■ DATASET RECORDS
Content starts
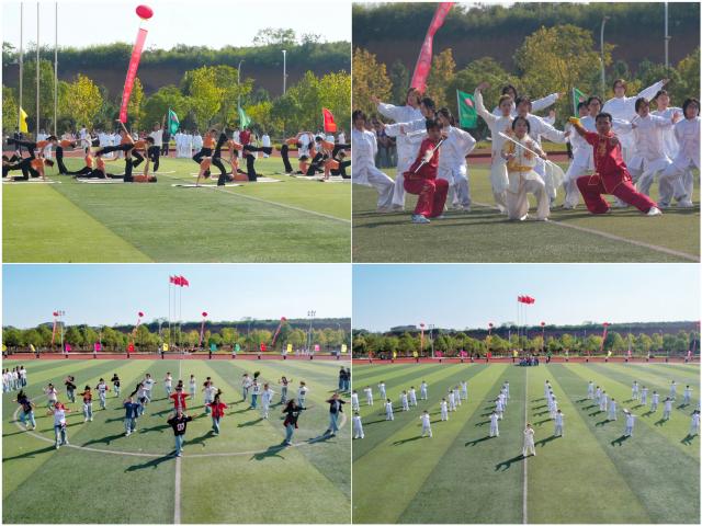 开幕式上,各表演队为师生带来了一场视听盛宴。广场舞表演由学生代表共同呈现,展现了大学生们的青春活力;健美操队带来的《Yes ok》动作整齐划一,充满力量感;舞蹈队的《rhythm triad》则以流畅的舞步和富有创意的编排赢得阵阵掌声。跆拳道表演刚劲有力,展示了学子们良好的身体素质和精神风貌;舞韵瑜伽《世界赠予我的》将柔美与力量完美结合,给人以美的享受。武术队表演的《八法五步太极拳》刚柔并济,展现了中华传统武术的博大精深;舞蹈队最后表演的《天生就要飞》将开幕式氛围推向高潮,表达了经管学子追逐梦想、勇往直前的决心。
Content ends
Content starts
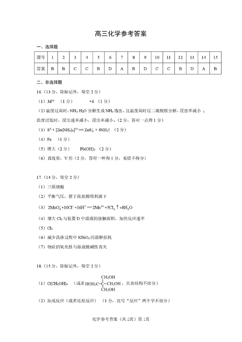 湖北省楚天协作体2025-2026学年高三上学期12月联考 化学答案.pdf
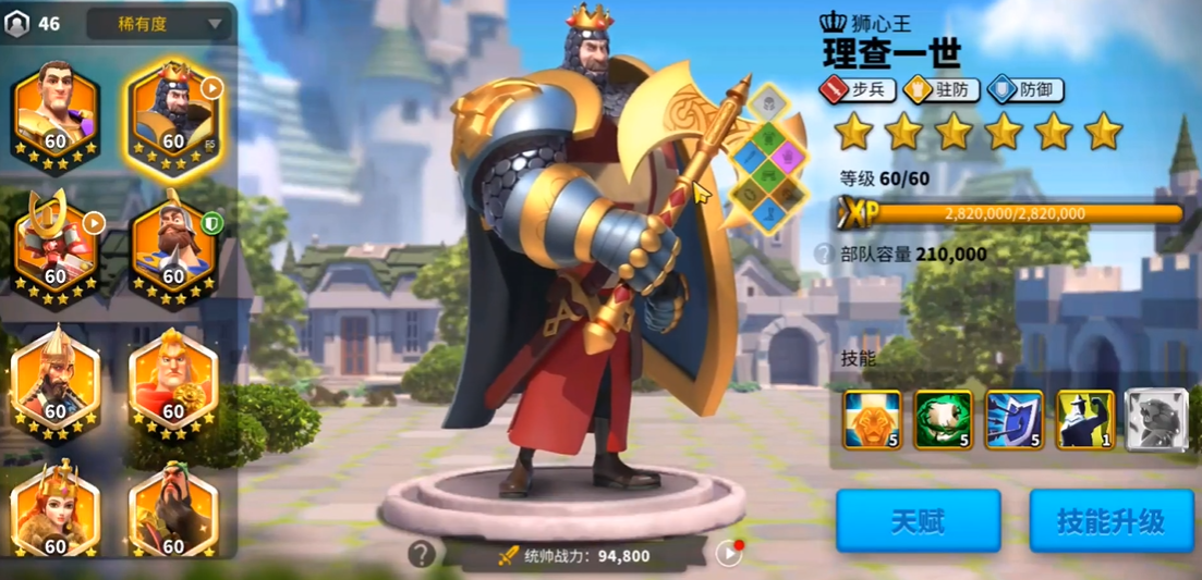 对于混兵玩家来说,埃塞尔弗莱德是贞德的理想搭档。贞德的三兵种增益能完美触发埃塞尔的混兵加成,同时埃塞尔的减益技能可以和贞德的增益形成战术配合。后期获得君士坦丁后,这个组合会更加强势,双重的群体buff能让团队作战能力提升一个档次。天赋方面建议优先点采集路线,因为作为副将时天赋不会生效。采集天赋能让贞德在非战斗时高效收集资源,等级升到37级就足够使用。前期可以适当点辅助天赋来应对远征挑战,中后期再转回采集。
Content ends
■ WHAT NEEDS TO BE DONE
A clean copy is needed of the lines above from the one with "湖北省楚天协作体2025-2026学年高三上学期12月联考 化学答案.pdf" up to and including the one with "对于混兵玩家来说,埃塞尔弗莱". Please set it down exactly, with no pictures.

■ OUTPUT BELOW
 湖北省楚天协作体2025-2026学年高三上学期12月联考 化学答案.pdf
 对于混兵玩家来说,埃塞尔弗莱德是贞德的理想搭档。贞德的三兵种增益能完美触发埃塞尔的混兵加成,同时埃塞尔的减益技能可以和贞德的增益形成战术配合。后期获得君士坦丁后,这个组合会更加强势,双重的群体buff能让团队作战能力提升一个档次。天赋方面建议优先点采集路线,因为作为副将时天赋不会生效。采集天赋能让贞德在非战斗时高效收集资源,等级升到37级就足够使用。前期可以适当点辅助天赋来应对远征挑战,中后期再转回采集。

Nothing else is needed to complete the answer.